What's coming next? Over the next day or so the R interface will be updated to use Digital Ocean for file transfers. This change will happen silently and will not affect users (besides saving them time). In the near term the R package will be updated so that the metadata services it relies on will also be served from the cloud, allowing the R (read only) interface to function even during times of Scratchpad downtime.

From scientific sound collection to entomological erotica. Part 1.

The BioAcoustica project goes from strength to strength. Recently Klaus-Gerhard Heller and I published a new species of the bush-cricket Horatosphaga that Klaus-Gerhard first identified from a recording I had made available on the platform. The species was named in honour of David Ragge, who worked on bush-crickets at the Natural History Museum (NHM) in London for many years, as well being the founder of the NHM's library of recorded wildlife sounds.

Making the NHM sound collection freely available allowed Klaus-Gerhard to identify the potential new species - and after I re-prepared the future holotype to expose the stridulatory file it could be confirmed easily enough. The openness led to a new collaboration.

The first taxonomic group that we have made data available for was the Gryllotalpidae - in part because of the status of Gryllotalpa gryllotalpa  in the UK is of interest, and in part because the NHM also has casts of some of the acoustic burrows made by males.

At the recent Orthoptera Special Interest Group (SIG) of the Royal Entomological Society I was approached by Clive Huggins who informed me that I was listed in the credits of The Duke of Burgundy - an art film with entomology as an important plot point, and it appears a good amount of slightly unusual erotica. Indeed The Guardian starts one review with the following paragraph:

"The Duke of Burgundy is the most tender love story you'll see in which a woman forcefully urinates in her lover's mouth."

This obviously needs to be checked out.

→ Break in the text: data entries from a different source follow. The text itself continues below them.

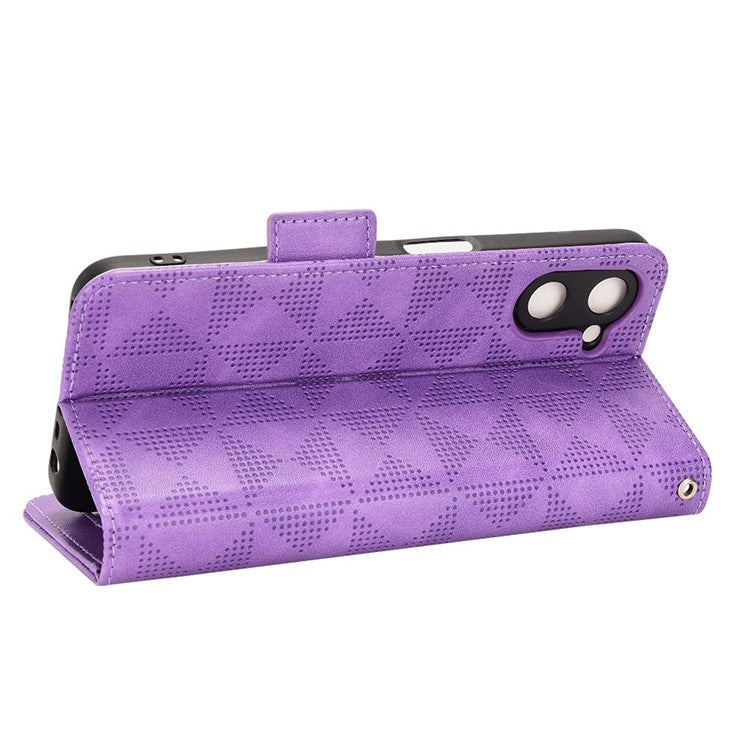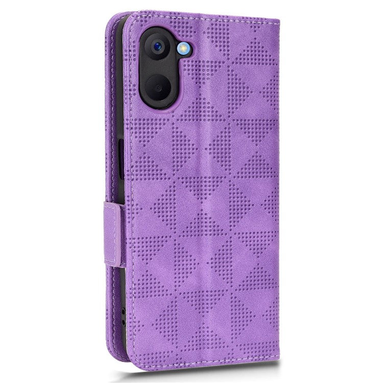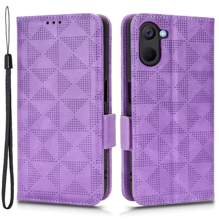 Phone Case for Realme V20 5G, Triangle Pattern Imprinted Flip Wallet Stand PU Leather Cover with Strap - Purple
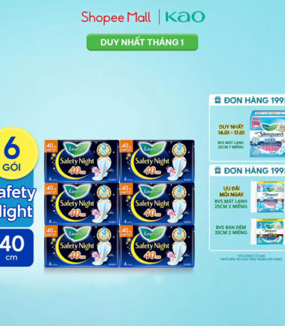 Combo 6 gói Băng vệ sinh Laurier Safety Night Đêm Siêu An Toàn 40cm 4 miếng
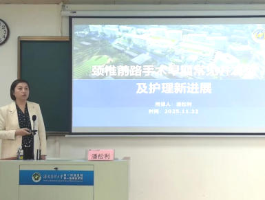 脊柱外科护士长潘松利再次登台,讲解了《颈椎前路手术早期常见并发症及护理新进展》,强调预见性护理理念。
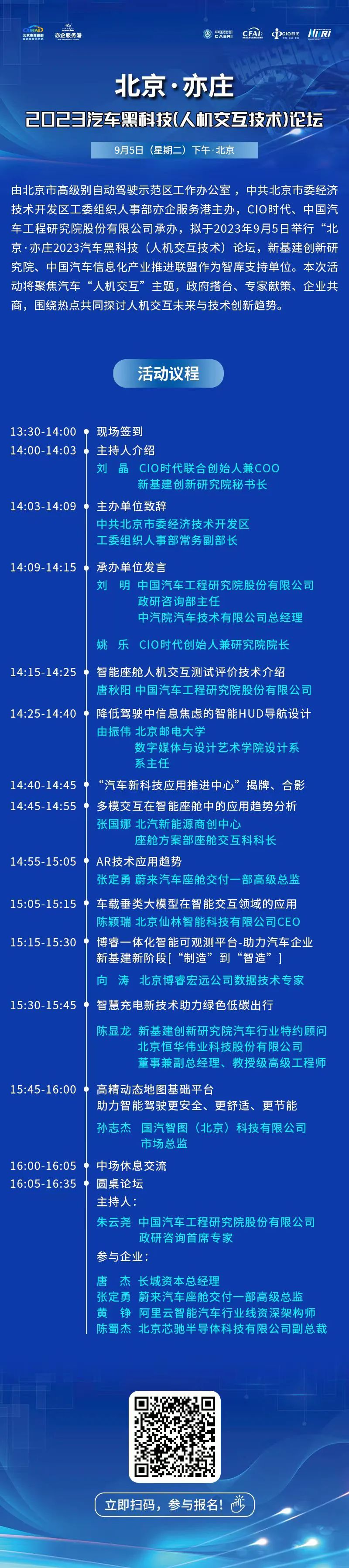 9月5日,由北京市委经济技术开发区工委组织人事部亦企服务港、北京市高级别自动驾驶示范区工作办公室主办,中汽院汽车技术有限公司、CIO时代承办的“党建链串起产业链”亦企开放日暨北京·亦庄2023汽车黑科技(人机交互技术)研讨交流活动即将举办。活动将聚焦“人机交互技术”主题,探讨智能座舱发展对人机交互的要求以及新设计趋势。
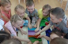 Сегодня прошло очередное заседание кружка "Айкьюша" в группе "Гномики". Темой исследования ребят была ткань. Дети рассмотрели виды ткани, отметили их различие (цвет, структуру). В ходе проведенных опытов дети пробовали смять ткань, разрезать кусочки ткани, под лупой и микроскопом рассмотреть ее структуру ткани и т.д.
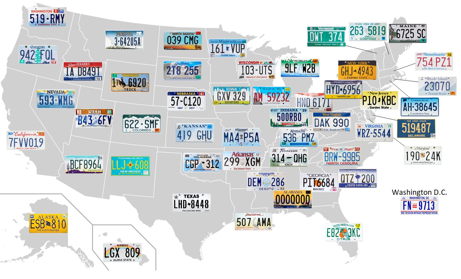 9) License plates, by state:
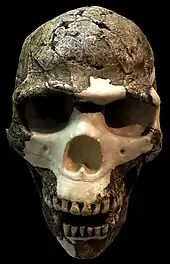The remains exhibit a mix of traits found in archaic and anatomically modern humans. They have been tentatively dated at about 80,000–120,000 years old using electron paramagnetic resonance and thermoluminescence dating techniques.[5] The brain case is similar to modern humans, but they possess brow ridges and a projecting facial profile like Neanderthals. They were initially regarded as transitional from Neanderthals to anatomically modern humans, or as hybrids between Neanderthals and modern humans. Neanderthal remains have been found nearby at Kebara Cave that date to 61,000–48,000 years ago,[6] but it has been hypothesised that the Skhul/Qafzeh hominids had died out by 80,000 years ago because of drying and cooling conditions, favouring a return of a Neanderthal population[7] suggesting that the two types of hominids never made contact in the region. A more recent hypothesis is that Skhul/Qafzeh hominids represent the first exodus of modern humans from Africa around 125,000 years ago, probably via the Sinai Peninsula, and that the robust features exhibited by the Skhul/Qafzeh hominids represent archaic sapiens features rather than Neanderthal features.[7] The discovery of modern human made tools from about 125,000 years ago at Jebel Faya, United Arab Emirates, in the Arabian Peninsula, may be from an even earlier exit of modern humans from Africa.[8] In January 2018 it was announced that modern human finds at the Mount Carmel cave of Misliya, discovered in 2002, had been dated to around 185,000 years ago, giving an even earlier date for an out-of-Africa migration.[9][10][11][12]
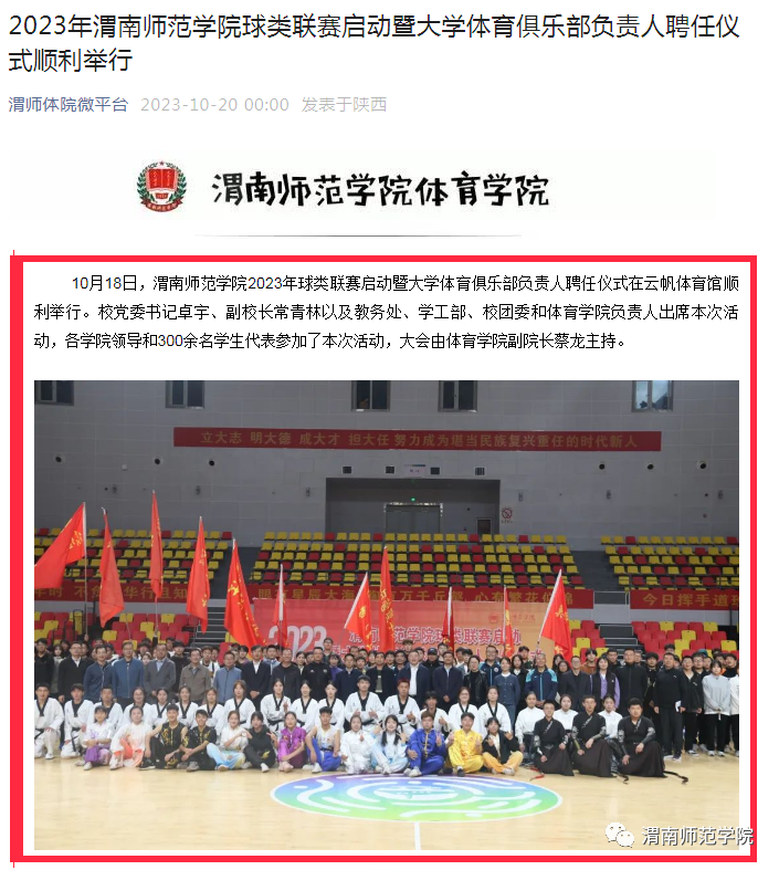 学院以学科建设为龙头,以教育教学改革为抓手,以培养学生全面发展为目标,紧密结合专业特点,进行系列教育教学改革,成立体育俱乐部,通过集体备课、专业提升、理论交流培训、教师素质测试等,提高教师教育教学能力水平,提高人才培养质量。加强体育赛事交流,提高学校影响力。学院积极组织学生参加各级各类赛事活动,通过比赛学习交流,不断激发学生主动学习能力,提高学生专业水平,同时,扩大学校的知名度和影响力。积极开展区域服务,彰显社会担当。学院与渭南市体育局签订合作协议,师生积极参与地方体育赛事活动的组织开展、志愿服务、科学研究等,充分发挥高校服务地方的职能。
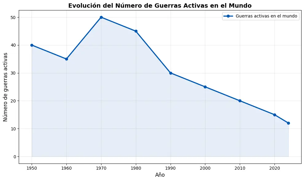Por último, el mundo también es hoy un lugar menos violento y más estable.Aunque persisten algunos conflictos regionales, el número de guerras activas ha disminuido de forma constante desde mediados del siglo XX. Menos guerras significan más estabilidad, menos incertidumbre y un entorno más favorable para el comercio y la inversión.
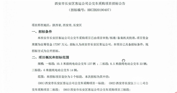 - 兴城市购置新能源公交车项目-8米纯电动公交车中标候选人公示
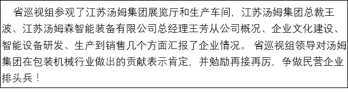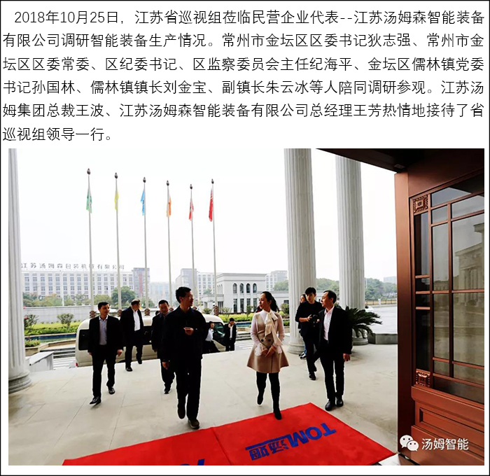 江蘇省巡視組蒞臨民營企業(yè)代表--江蘇湯姆集團調研參觀!

The only issue was I had completely forgotten about supplying the recordings. I initially assumed they were just taken from BioAcoustica - but the film was made just before BioAcoustica went live.

Digging through old emails I discovered when the film crew got their hands on the recordings. Before BioAcoustica was released to the public we had to get permission from the NHM to release the sound recordings under an open licence (Creative Commons Attribution), which I managed to arrange. At about this time I was passed an email from a film company via George Beccaloni (at the time NHM Curator of Orthopteroid insects) from someone who was after recordings we had of various Gryllotalpa species. The reason I had no recollection of the storyline was due to not having many details about the film. Indeed the only thing I did now follows here:
"We'd be using as part of a film soundtrack - it's the story of two entomologists ( sort of!) - in one scene they listen to Mole Crickets...."
So that's how George and I ended up being credited in The Duke of Burgundy.